RESULTS: Prognostic baseline covariates associated with OS included in the final model were assignment to avelumab 1 L maintenance treatment, Eastern Cooperative Oncology Group performance status, site of metastasis, sum of longest target lesion diameters, levels of C-reactive protein and alkaline phosphatase in blood, lymphocyte proportion in intratumoral stroma, tumor mutational burden, and tumor CD8+ T-cell infiltration. Potential predictive factors included site of metastasis, tumor mutation burden, and tumor CD8+ T-cell infiltration. An analysis in patients with PD-L1+ tumors had similar findings to those in the overall population.
CONCLUSIONS: Machine learning analyses of data from the JAVELIN Bladder 100 trial identified potential prognostic and predictive factors for avelumab 1 L maintenance treatment in patients with aUC, which warrant further evaluation in other clinical datasets.
摘要:
背景:基于JAVELIN膀胱1003期试验,Avelumab一线(1L)维持治疗是晚期尿路上皮癌(aUC)的标准治疗,这表明,在接受1L含铂化疗后无进展的患者中,与单独使用BSC相比,avelumab1L维持+最佳支持治疗(BSC)显著延长了总生存期(OS)和无进展生存期(PFS).这里,我们全面筛选了JAVELIN膀胱100试验数据集,以确定定义OS较长或较短患者亚群的预后因素,而与治疗无关。以及选择可以从阿维鲁单抗1L维持治疗中获得更大OS益处的患者的预测因素。

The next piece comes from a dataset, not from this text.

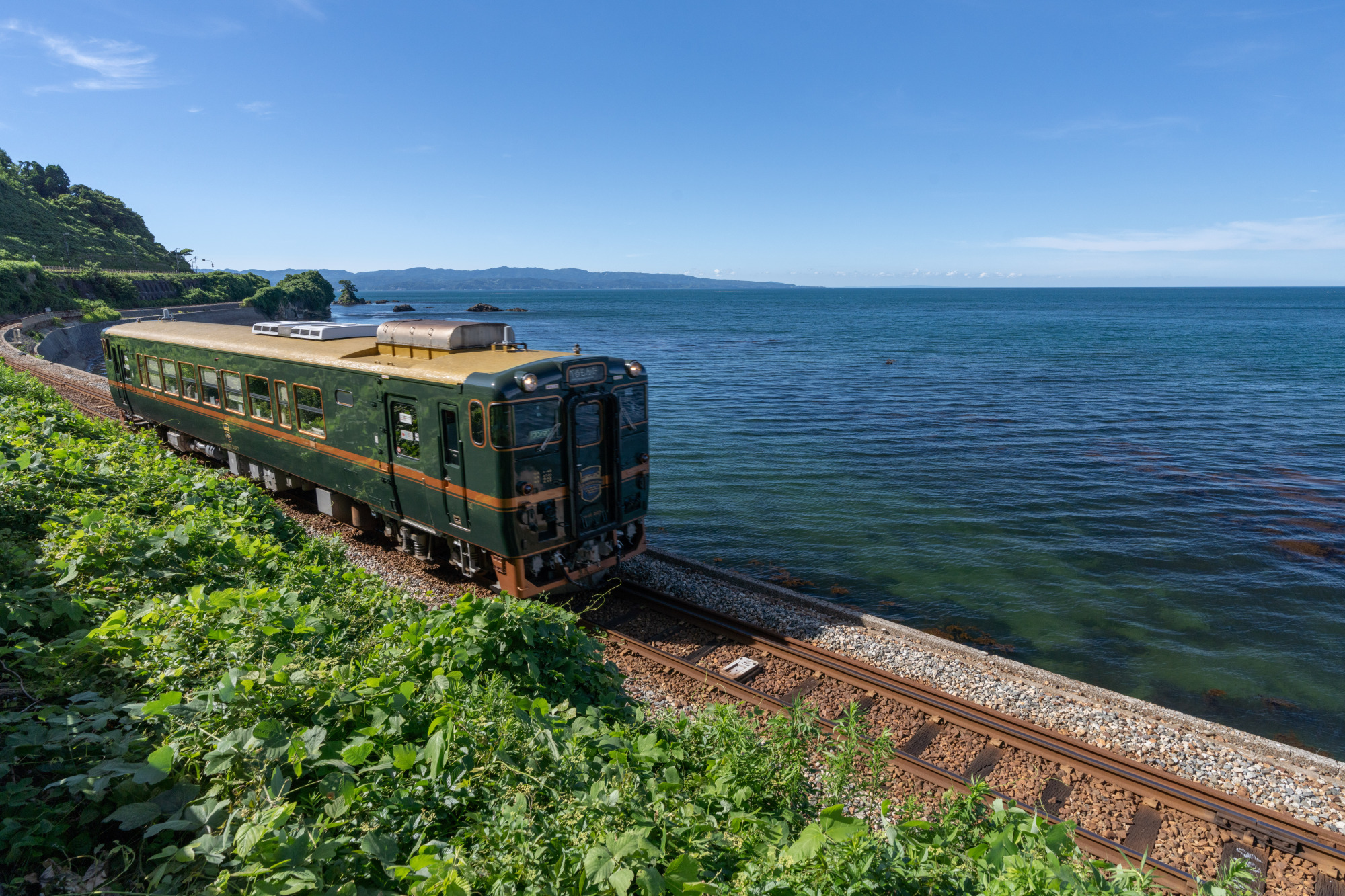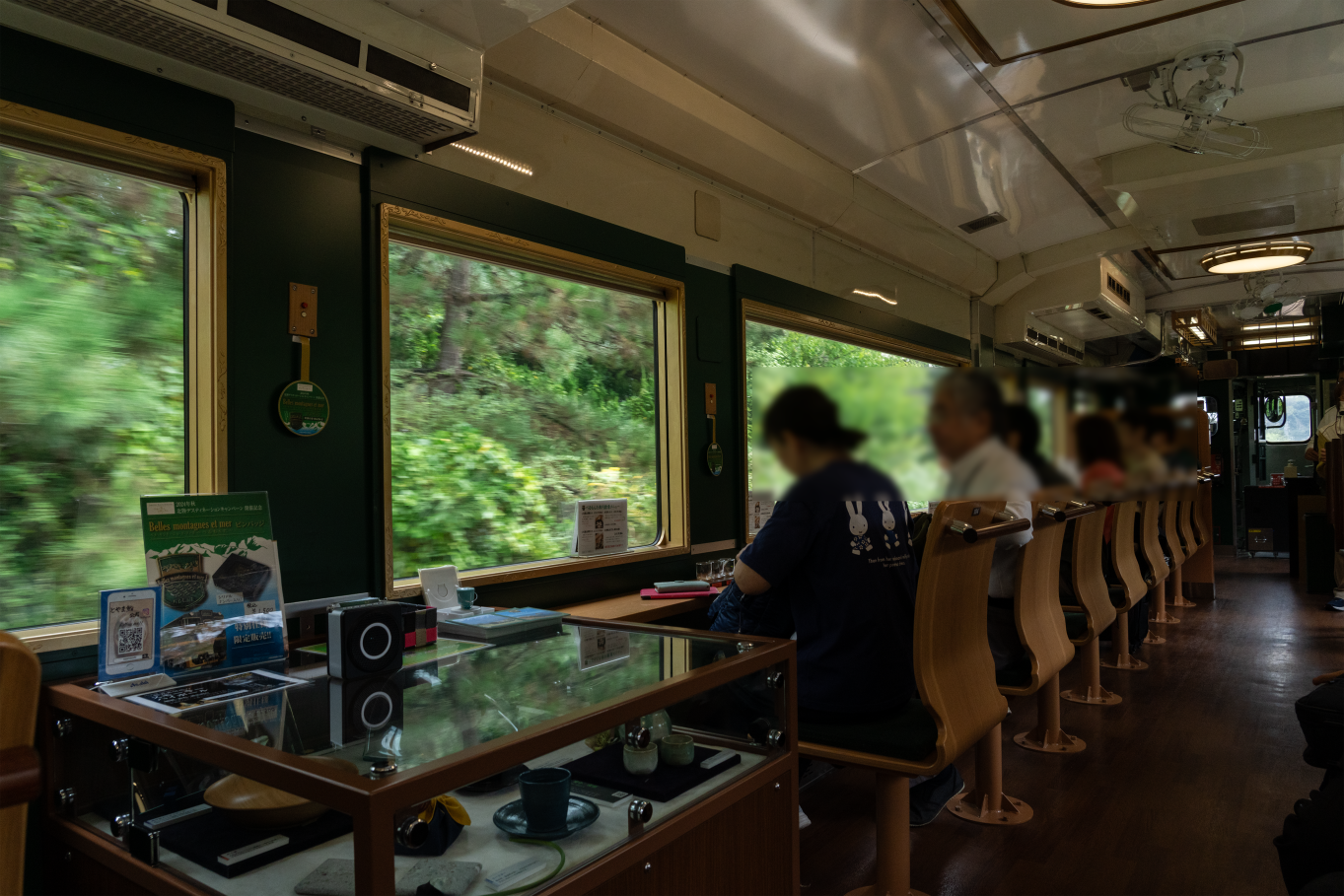 車内はまさに「走るギャラリー」。井波彫刻などの伝統工芸品が展示され、落ち着いた空間が広がります。雨晴海岸の絶景ポイントでは、列車が一時停車(または徐行)してくれる嬉しいサービスも。地元のガイドさんによる丁寧な解説を聞きながら眺める富山湾は、いつもの車窓とは一味違う特別なものに感じられます。

方法:我们进行了机器学习分析来筛选大量的基线协变量,包括病人的人口统计,疾病特征,实验室值,分子生物标志物,和患者报告的结果。从先前报道的分析和建立的预后和预测标志物中鉴定协变量。在具有治疗相互作用的单变量Cox模型中进一步处理从随机生存森林模型中选择的变量,并使用相关性分析和Kaplan-Meier曲线进行视觉检查。结果总结在多变量Cox模型中。

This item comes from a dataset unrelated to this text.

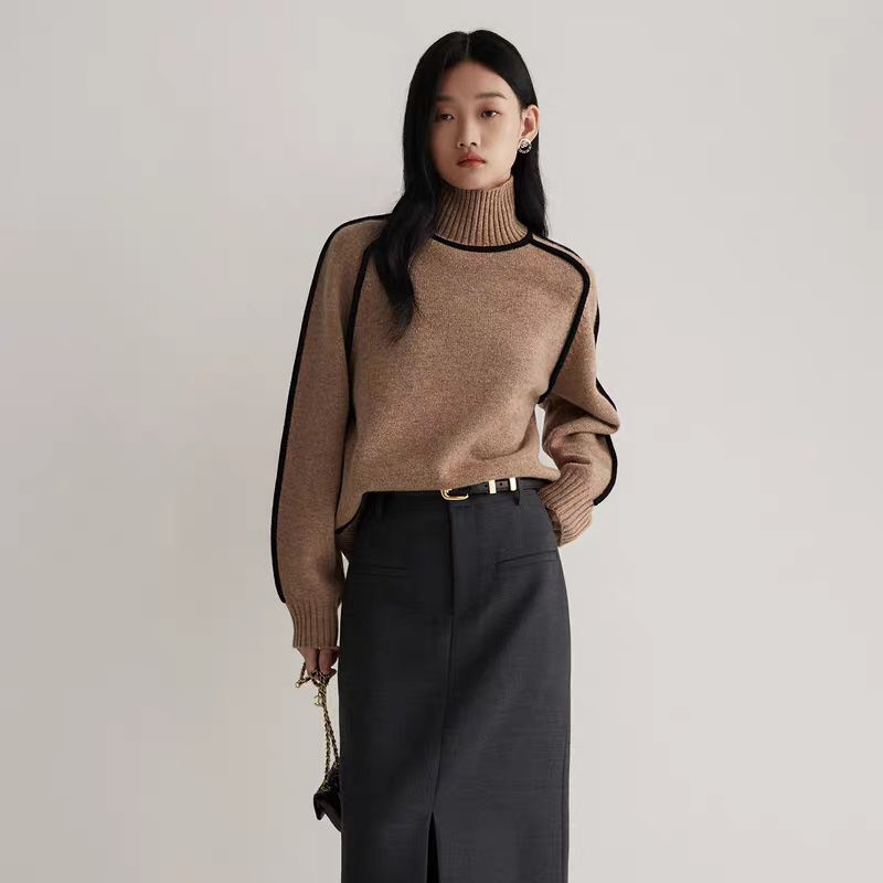 撞色高领插肩灯笼袖 设计感小众针织上衣 毛衣女秋冬内搭慵懒风法式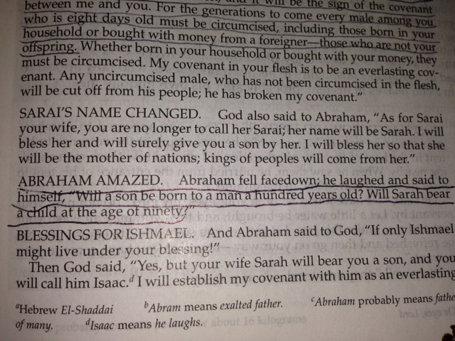 When God tells Abraham that Sarah hs going to have a son, Abraham laughs. He asks how a son is going to be born of a man who is a hundred years old and his wife who is ninety?

结果:最终模型中包含的与OS相关的预后基线协变量被分配到avelumab1L维持治疗,东部肿瘤协作组的表现状况,转移部位,最长靶病变直径之和,血液中C反应蛋白和碱性磷酸酶的水平,肿瘤内基质中的淋巴细胞比例,肿瘤突变负担,和肿瘤CD8+T细胞浸润。潜在的预测因素包括转移部位,肿瘤突变负荷,和肿瘤CD8+T细胞浸润。对PD-L1+肿瘤患者的分析结果与总体人群相似。
结论:对JAVELIN膀胱100试验数据的机器学习分析确定了aUC患者avelumab1L维持治疗的潜在预后和预测因素,这需要在其他临床数据集中进行进一步评估。

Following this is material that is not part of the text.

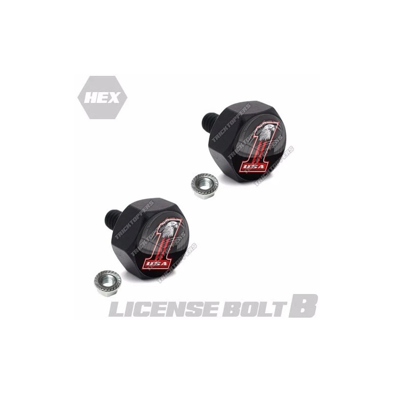 TrickToppers Custom Parts 2 Custom Hex Black Billet License Plate Frame Fastener Tag Bolts USA NO 1 EAGLE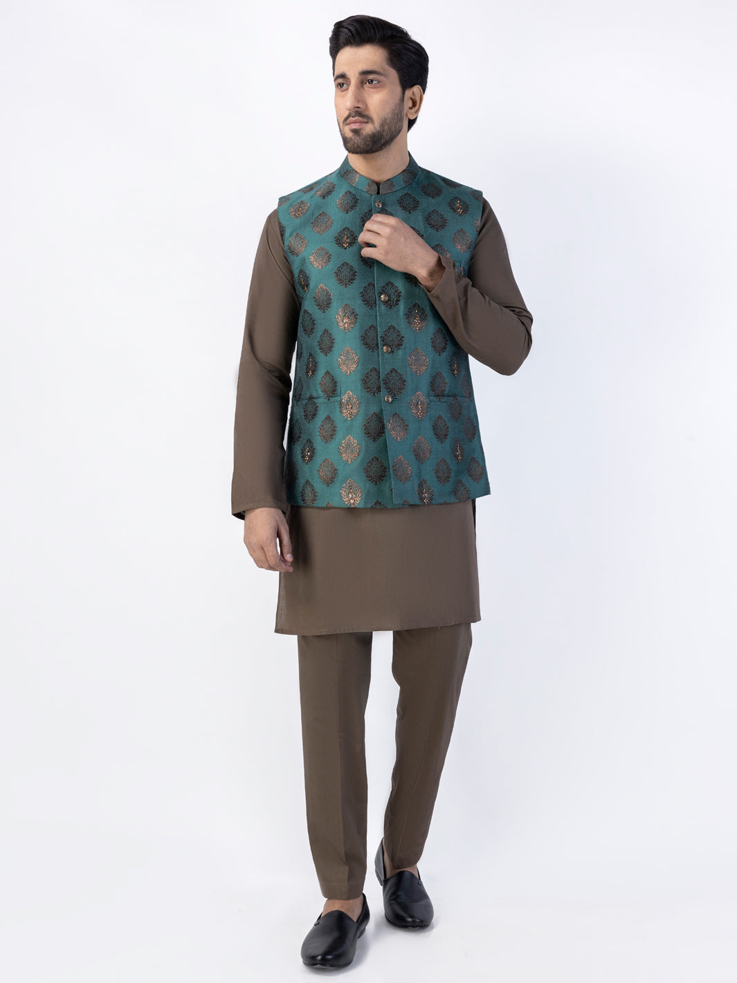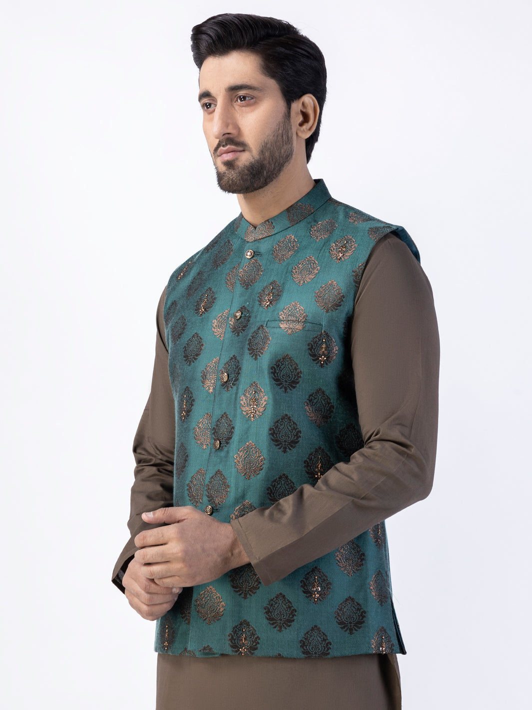 Imported Fabric Waistcoat Emballished With Embriodery Details

方法:我们进行了机器学习分析来筛选大量的基线协变量,包括病人的人口统计,疾病特征,实验室值,分子生物标志物,和患者报告的结果。从先前报道的分析和建立的预后和预测标志物中鉴定协变量。在具有治疗相互作用的单变量Cox模型中进一步处理从随机生存森林模型中选择的变量,并使用相关性分析和Kaplan-Meier曲线进行视觉检查。结果总结在多变量Cox模型中。
结果:最终模型中包含的与OS相关的预后基线协变量被分配到avelumab1L维持治疗,东部肿瘤协作组的表现状况,转移部位,最长靶病变直径之和,血液中C反应蛋白和碱性磷酸酶的水平,肿瘤内基质中的淋巴细胞比例,肿瘤突变负担,和肿瘤CD8+T细胞浸润。潜在的预测因素包括转移部位,肿瘤突变负荷,和肿瘤CD8+T细胞浸润。对PD-L1+肿瘤患者的分析结果与总体人群相似。
结论:对JAVELIN膀胱100试验数据的机器学习分析确定了aUC患者avelumab1L维持治疗的潜在预后和预测因素,这需要在其他临床数据集中进行进一步评估。